Melissa Sterner was planning to spend the afternoon either having pizza or at the pool.
“We couldn’t find it [the pool key] anywhere and I was about to give up and say let’s go to Chuck-E-Cheese instead,” she said.
Sterner said she had been at the pool less than five minutes before she heard a commotion.
It was then that 3-year-old Jack Fly was found floating in the pool unresponsive. Sterner began CPR and got him breathing.
“I heard the father yell, ‘Jack! Oh no, Jack!’ The mother turned around and started yelling. She dove in the pool.” Sterner recalled. “They started to do CPR, but I think they sort of panicked and froze, so I ran around and said, ‘Let me have him.’”

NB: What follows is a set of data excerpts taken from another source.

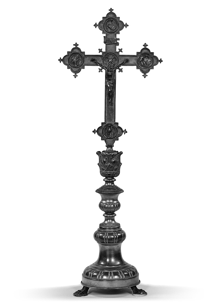- NOTIZIE STORICO CRITICHE La croce ripropone antichi modelli secondo il gusto medievalistico di fine '800 inizio '900, risultando peraltro precedente rispetto alla base, di produzione ormai industriale
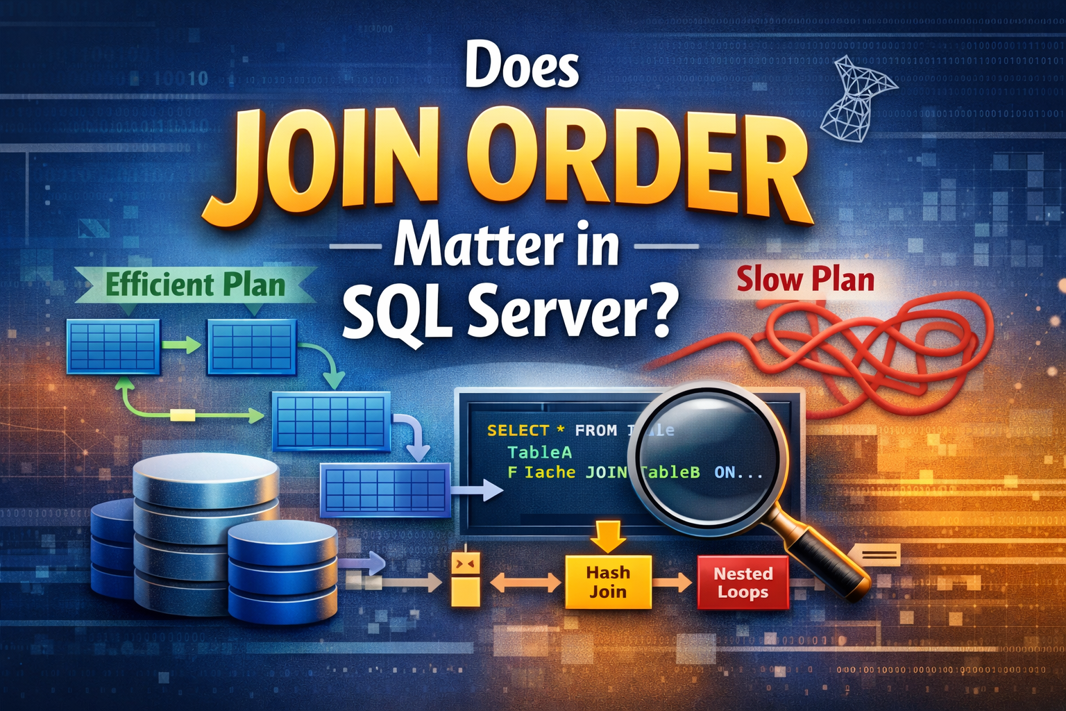For inner joins, SQL Server’s optimizer is generally free to reorder joins because they are logically commutative and associative. However, that freedom is not absolute and can be constrained by factors such as join hints, query shape, cardinality estimation errors, and the optimizer’s internal search-space pruning.
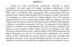 Determination of microplastics from galunggong (Decapterus macarellus): an optimization method/ Edgin V. Allunar, Angelika D. Benlayo, Jade Erica T. Burgos, and Ana Mae Kristine L. Sepro .--
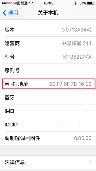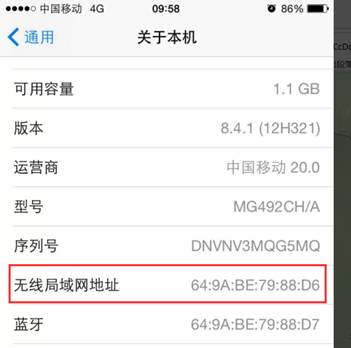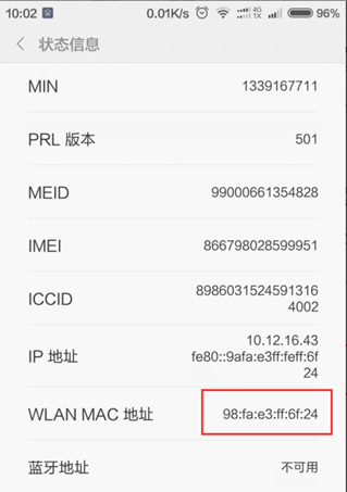 4.界面显示的“WLAN MAC地址”或“无线局域网地址”即为MAC地址,如下图

Sterner who knows CPR, has not been certified in years, but still was able to successfully resuscitate the young boy.
A married couple, who are a nurse and volunteer Mt. Juliet fire captain, heard the 911 call and also rushed to the pool from their home to help.
“We heard Willoughby Station and we both kind of perked up because it’s the neighborhood where we live,” Amy Allen said. “It said CPR was in progress on a 3-year-old down at the pool.”
When Allen and her husband got to the pool she took the boy from his mother’s arms.
“He was barely breathing,” Allen, a nurse, said. “I took him out of his mother’s arms and turned him on his side to help him get more water out of his lungs.”
Allen continued to work with Fly as her husband gave paramedics directions to the pool.
The boy was transported to Vanderbilt Children’s Hospital. He was released Monday and is expected to make a full recovery.
Sterner said her son nearly drown years ago when he was also three years old.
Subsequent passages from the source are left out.